I am currently involved in a large project actually, and am hoping for it to be a huge success.  My creative team and I are using photography to tell the stories of foster children that have been abandoned and abused.  Through these stories we are going to reach audiences and raise $30,000 or more to send these kids to a week long summer camp and year round mentoring, giving them a new opportunity for hope.  I am passionate about helping people that are in need and am driven to continue improving the condition of this world as I continue in photography.  To find out more about this project and give support, please visit: Indiegogo.com/projects/Stories-Worth-Telling. 

Art Photographer

What would be your words of inspiration and wisdom for those who are just starting, those that are finding their passion, and those seeking their style? 

The best advice I could give for anyone starting out in photography is to continue doing it in exactly the way you love.  If you are creating art and it makes you excited to get up in the morning, it makes you smile as you’re creating it, and you cannot wait to do it again, that is how you know you’re doing it right.  I have been in many circumstances with little to no money, but I am completely happy knowing I am taking ownership of my life and doing what I love.  The moment you start creating art solely for others and for money, you will lose some, if not all of that original passion.  Of course you have to start working jobs and getting income, but find a balance between working, and enjoying the process.  I find that doing what I love leaves me feeling like I don’t work a day at all, and people are going to want your work when they see that passion behind it.
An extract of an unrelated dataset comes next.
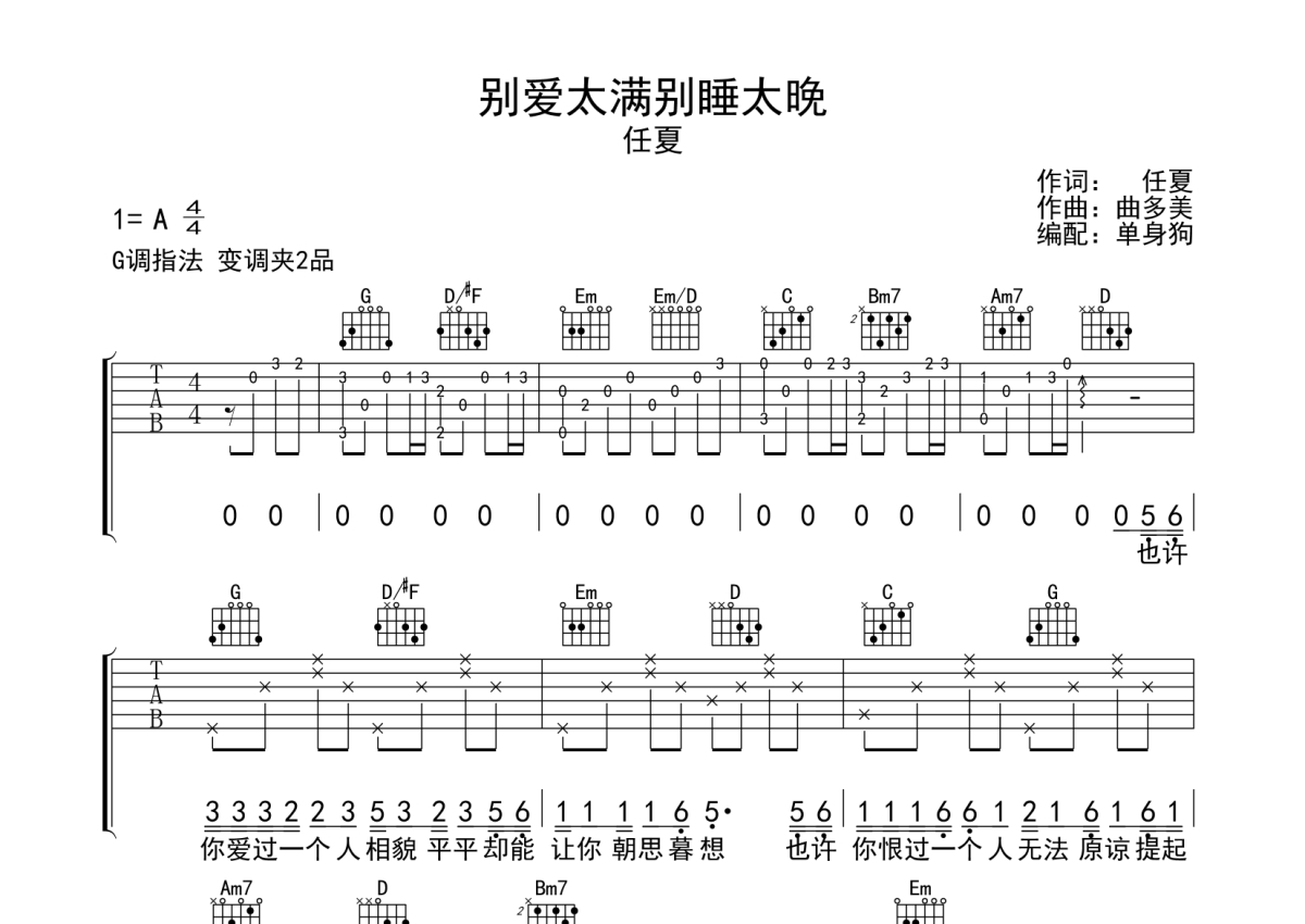 曲谱介绍: 任夏《别爱太满别睡太晚》吉他弹唱谱,采用G调指法编配,单身狗编配出品,共有2张高清图谱,免翻页排版设计。

And the same goes for finding your style; just continue doing what you like and a style will evolve from that.  I started with examining photographers I liked, and then trying anything and everything to make my photos different from theirs, but just as powerful.  Eventually I ended up where I am, and I continue to grow and change every day!

Art Photographer

What is the most important thing you have learned that you want to share with the world?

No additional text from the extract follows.